Si algo caracteriza a muchas naciones —y la nuestra no es excepción— es la sensación de estar atrapados en un ciclo interminable. Gobiernos que prometen soluciones definitivas, alternancias ideológicas que despiertan esperanzas, ajustes y redistribuciones que se presentan como recetas definitivas… y, sin embargo, las viejas sombras permanecen: inflación crónica, desigualdad persistente, endeudamiento recurrente, déficits estructurales, instituciones frágiles. Como si un guion invisible nos obligara a repetir la misma obra, década tras década, con diferentes actores pero idéntico desenlace.

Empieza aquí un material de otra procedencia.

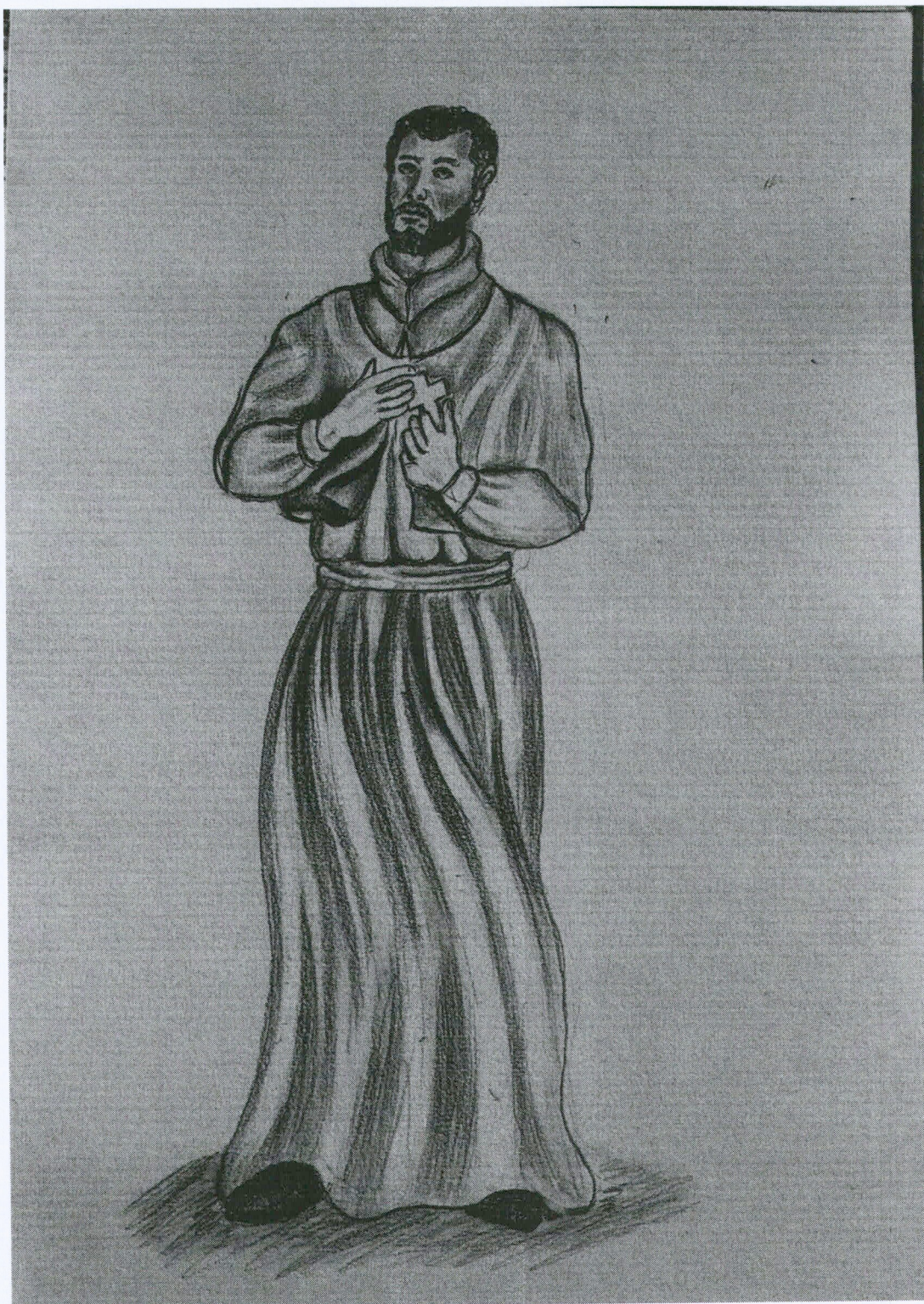
Desenho criação própria Adenildo Martins.
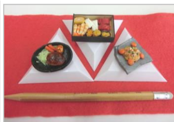
鉛筆の大きさと比べてみると本当に小さい！
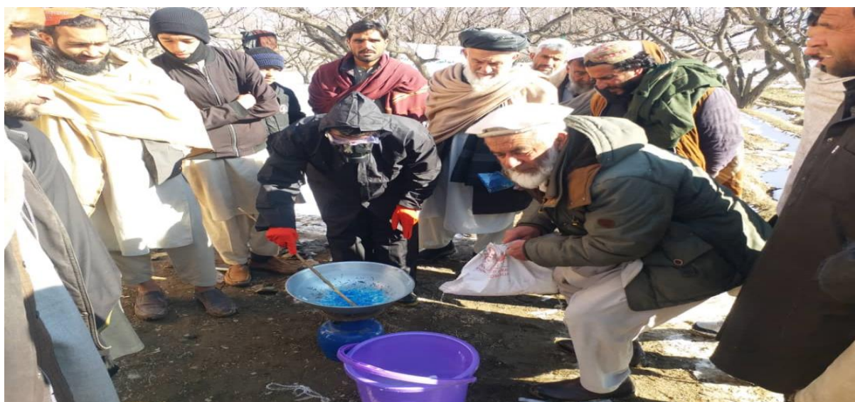
نمای از جریان برنامه آموزشی عملی
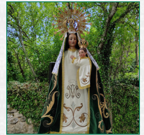
Virgen de Royuela

A continuación, comenzó la procesión por las calles del pueblo. Este año fue diferente gracias a la colaboración de nuestra Cofradía de las Siete Palabras y El Silencio, ya que fuimos alternando nuestras marchas habituales de trompeta y tambores, con los bailes del Grupo de danzas (en el que también participo, aunque este año me tocó estar con la trompeta, jejeje) y con las dulzainas que acompañaban con sus alegres toques, dando como resultado una preciosa procesión con mezcla de folclores.
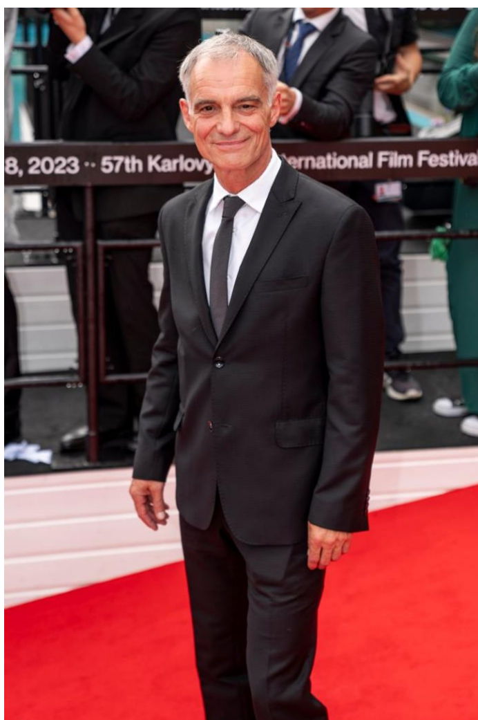
Ivan Trojan

Herec Ivan Trojan patří k nejobsazovanějším českým filmovým, televizním a divadelním hercům posledního čtvrtstoletí.
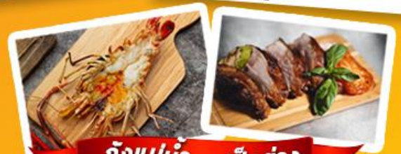
กึ่งแม่น้ำ + เบ็ดย่าง
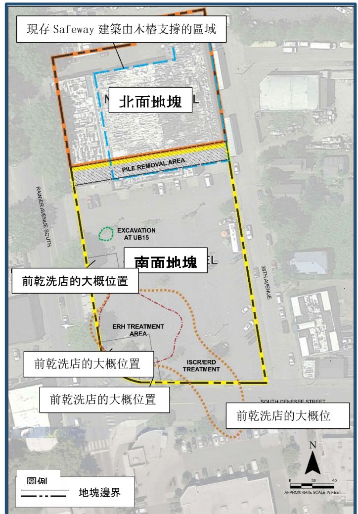
Rainier Mall 清理站點前乾洗經營、現存建築和污染區
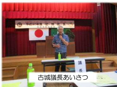
古城議長あいさつ
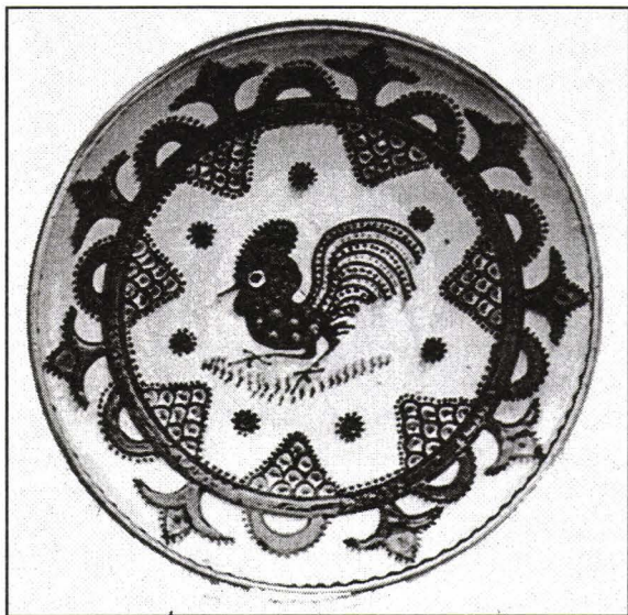
Farfurie - „taier” decorată cu simbolul specific centrului de olărit Horezu, Plate - „taier”, decorated with the rooster, the specific symbol of Horezu Ceramics Centre

Spre deosebire de alte meșteșuguri populare care se practică oarecum izolat, individual, așa cum se întâmplă cu fierăritul sau țesutul, olăritul implică gruparea meșterilor în anumite centre, a căror așezare este determinată, în primul rând, de existența unor surse de argilă de calitate superioară, iar în al doilea rând, de împrejurările social-economice care să îngăduie formarea unei piețe, ca debușeu stabil producției de vase. Ținând cont de numărul destul de mare al centrelor de olari, îndeletnicirea străveche a olăritului, a rămas și azi un fenomen social și economic important în viața rurală românească.
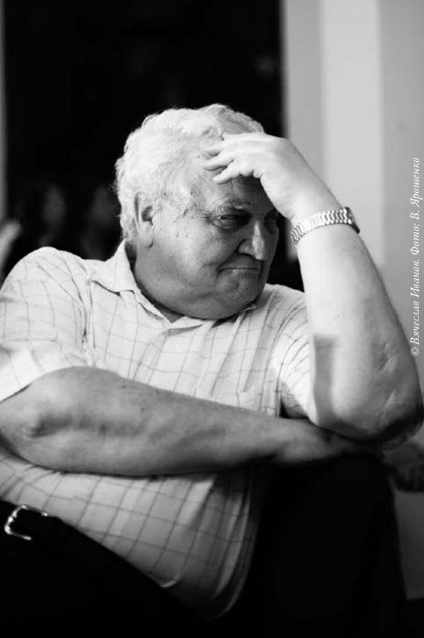
© Вячеслав Иванов. Фото: В. Ярошенко
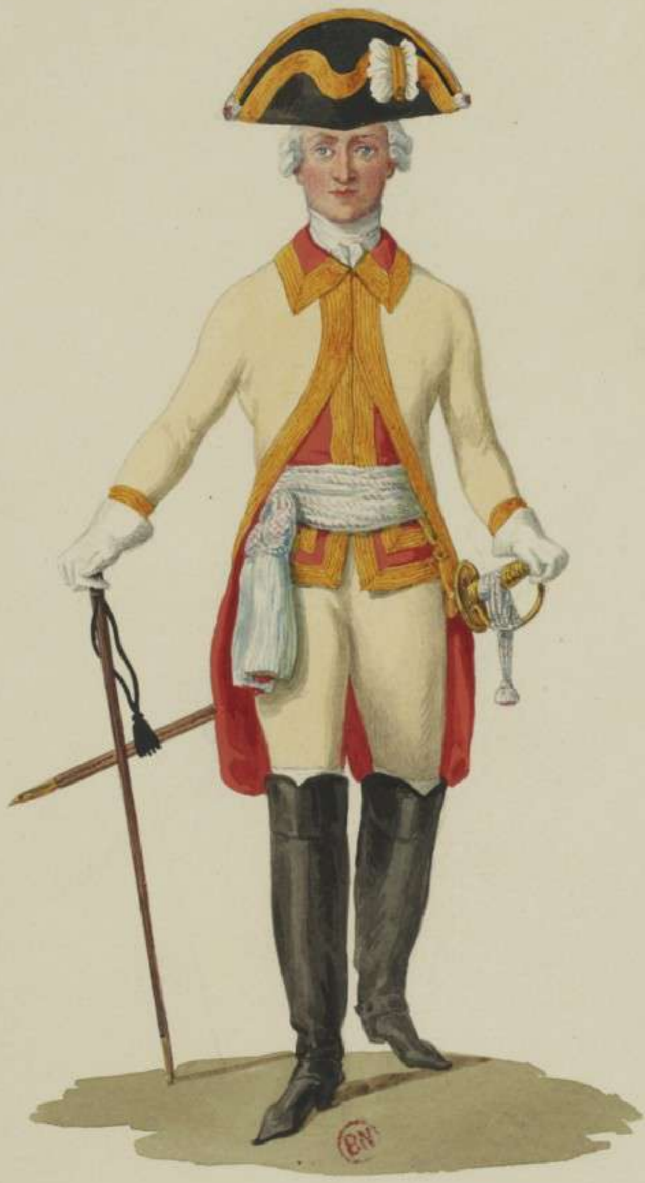
20°- Officier vom Cürassier Regiment Churfürst
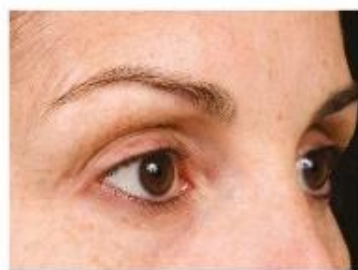
療程後 15 個月
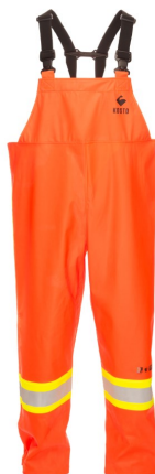
VHKF50 Habit de pluie FR
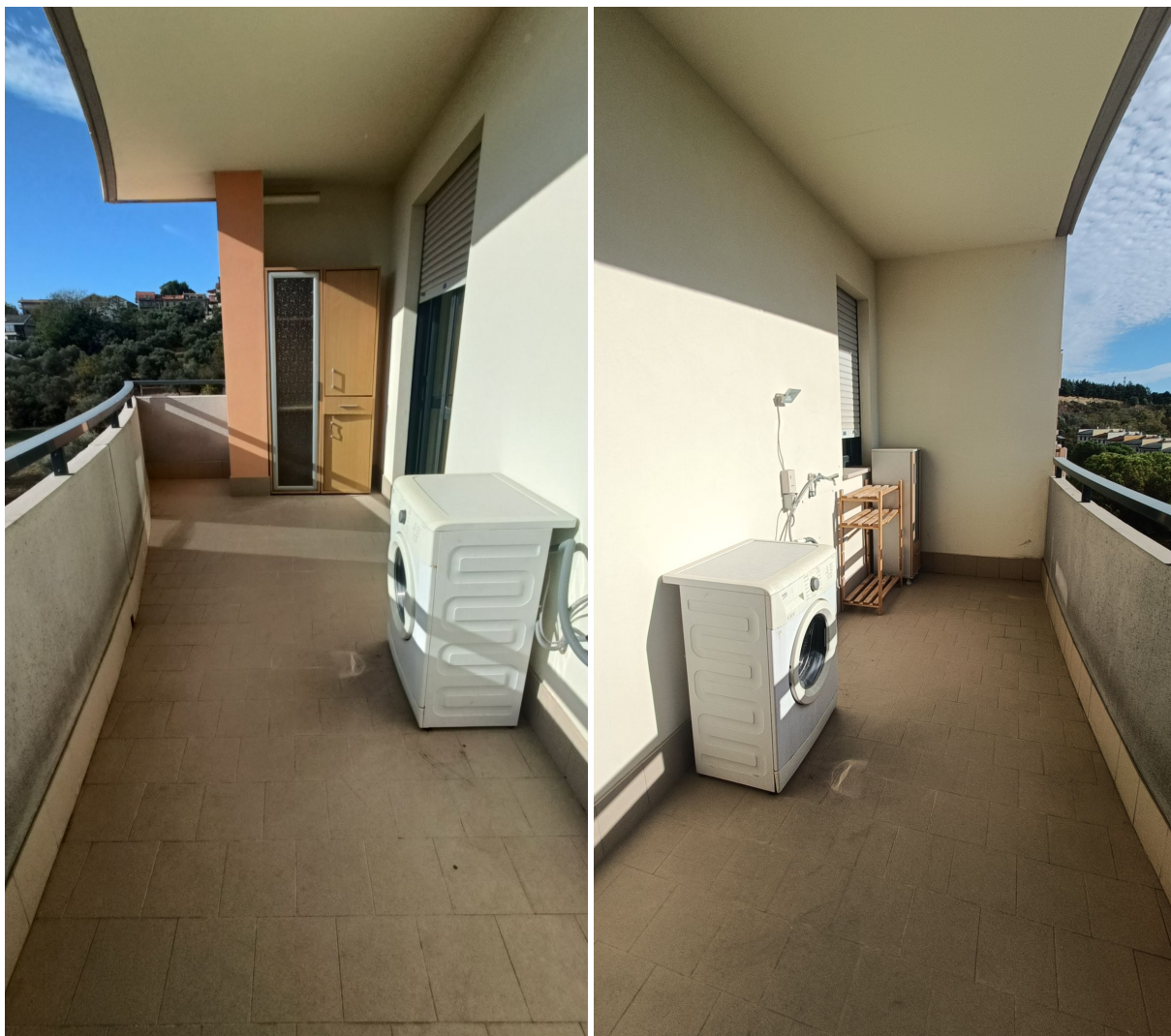
Immobile sito in Pescara alla Via di Sotto n.3/2, Piani quarto e quinto, Scala B, Palazzina B distinto al Foglio n.18 Particella n.2874 Sub. n.139. Piano quarto.
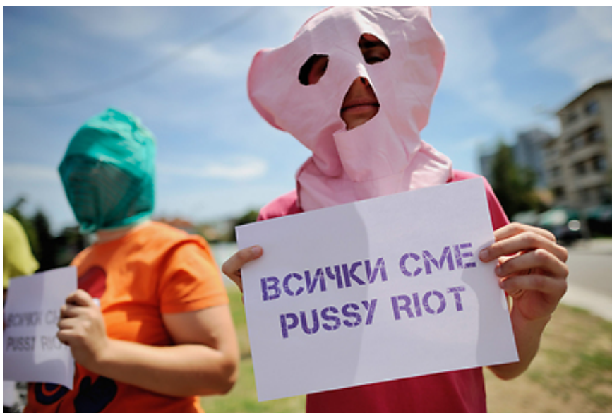
מפגינים עם שלט "כולנו פּוּסִי ריט" מול שגרירות רוסיה בסופיה, בולגריה

חברות הפּוּסִי ריט הן אמנם מוזיקאות בלהקת פאנק בלילות, אבל בימים התמונה היא אחרת. אליוחנה היא סנה רביעית לעיתונות וכתביה יצירתית ומתנדבת של ארגון "גרין פיס" ברוסיה, סמוצ'ביץ' היא מתכנתת מחשב ואליוחנה היא סטודנטית לפילוסופיה. שתיים מהמורשעות הן אימהות לילדים קטנים.

Esta dinámica tiene un nombre y una metáfora literaria precisa: el gatopardismo, inmortalizado por Giuseppe Tomasi di Lampedusa en El Gatopardo. “Si queremos que todo siga como está, es necesario que todo cambie”, reza la célebre frase. Y cuán vigente resulta en nuestro escenario político. Cambios que parecen profundos, que se visten de épica y de promesa de refundación, pero que en el fondo preservan intactas las estructuras de poder y los beneficios de unos pocos.

La Teoría General de los Sistemas, desarrollada por Ludwig von Bertalanffy, nos da una clave para entender por qué los problemas persisten. Una sociedad no es la suma de individuos, sino un sistema dinámico que se autorregula, que busca su equilibrio incluso a costa de mantener síntomas disfuncionales. Así lo explica también la psicología sistémica: un adolescente con conductas disruptivas puede no ser el “problema” en sí mismo, sino el síntoma de una familia que necesita esa disfunción para sostener su frágil equilibrio.

Traslademos esa lógica a la política. Los déficits fiscales, la inflación, las crisis cíclicas y la corrupción no serían solo fallas puntuales, sino mecanismos con los que el sistema preserva un statu quo que beneficia a un poder fáctico. De allí la distinción fundamental entre cambios de tipo 1 y cambios de tipo 2, elaborada por Paul Watzlawick y su equipo en los años 70. Los primeros son cosméticos: nuevas caras, nuevas banderas, nuevos discursos, pero dentro de las mismas reglas. Los segundos implican transformaciones reales: cambiar la lógica subyacente, alterar las reglas del juego.

En nuestra historia reciente, el péndulo se ha movido con insistencia: gobiernos de derecha que proponen ajustes y apertura económica, seguidos por administraciones de izquierda o centroizquierda que prometen redistribución y mayor rol del Estado. Y, sin embargo, los problemas estructurales no se corrigen. Tal vez porque ambos caminos, lejos de ser rupturas, forman parte de un mismo sistema de “cambio de tipo 1”, que mantiene a flote un entramado de intereses económicos capaces de sacar provecho de cada oscilación.

El interrogante es inquietante: ¿quién se beneficia de esta “inestabilidad controlada”? La respuesta parece evidente: quienes tienen capital, información y capacidad de adaptarse a los vaivenes. Cada devaluación, cada privatización o reestatización, cada giro abrupto de timón genera ganancias extraordinarias para algunos, mientras la mayoría paga los costos. De ese modo, la estabilidad, paradójicamente, sería vista como una amenaza por quienes se alimentan del desorden.

¿Qué sería entonces un cambio de tipo 2 para nuestra sociedad? No bastaría con alternancias de partido ni con reformas parciales. Se trataría de redefinir las reglas profundas: un pacto fiscal que dé previsibilidad y equidad, una reforma institucional que garantice independencia real de los poderes, un modelo productivo que no dependa de commodities, una apuesta sostenida a la educación como motor de movilidad social. Son cambios que requieren voluntad colectiva y coraje político, no solo promesas electorales.

El riesgo de seguir atrapados en el gatopardismo es claro: condenarnos a la repetición, a la frustración cíclica, al descreimiento ciudadano en la política misma. La verdadera salida no radica en esperar al próximo salvador, sino en reconocer que somos parte de un sistema que necesita cambiar sus reglas, no solo sus protagonistas.

El desafío está planteado: dejar atrás los cambios superficiales que perpetúan el statu quo y atrevernos a impulsar transformaciones que rompan, por fin, con la compulsión de repetir los mismos errores. Porque si seguimos cambiando solo para que nada cambie, lo único seguro es que seguiremos condenados a fracasar.